|Budget Amount *help
¥1,000,000 (Direct Cost : ¥1,000,000)
Fiscal Year 1999 : ¥1,000,000 (Direct Cost : ¥1,000,000)
Nociceptin, a novel neuropeptide, produces various pharmacological effects including hyperalgesia and hypolocomotion. At the cellular level, the nociceptin receptor mediates the inhibition of adenylate cyclase, the activation of potassium channels and inhibition of calcium channels by coupling with guanine-nucleotide-binding proteins. It has been shown using knockout mice that the nociceptin receptor is not required for regulation of nociceptive responses or locomotion activity, but modulates the auditory function. We have found insufficient recovery of hearing ability from the adaptation to sound exposure in the mutant mice. In this study, we showed that mice lacking the nociceptin receptor possess greater learning ability and have better memory than control mice. Histological analysis revealed the expression of both the nociceptin precursor and the nociceptin receptor in the hippocampus, thought to take part in aspects of learning and memory.

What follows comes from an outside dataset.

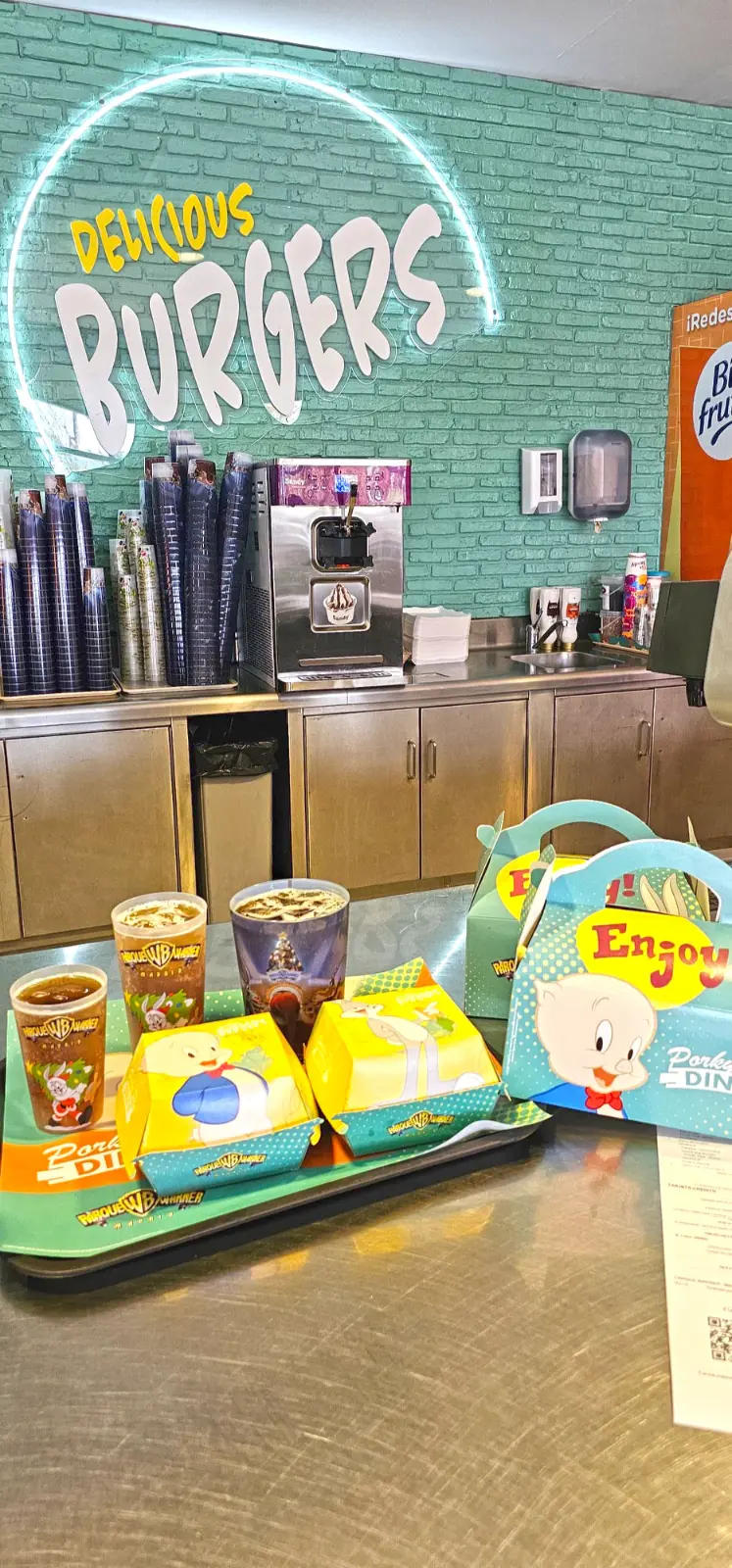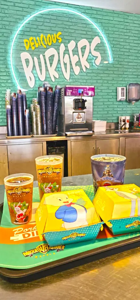 Clássico e divertido, o Porky Pig Diner serve refeições rápidas em estilo diner americano, com hambúrgueres e lanches que agradam tanto crianças quanto adultos.

Moreover, the receptor-deficient mice showed larger long-term potentiation in the hippocampal CA1 region than control mice, without apparent changes in presynaptic or postsynaptic electrophysiological properties. These results show that the loss of the nociceptin receptor results in a gain-of-function mutation in both the memory process and the long-term potentiation mechanism in CA1, perhaps as a result of altered intracellular signal transduction systems in neurons.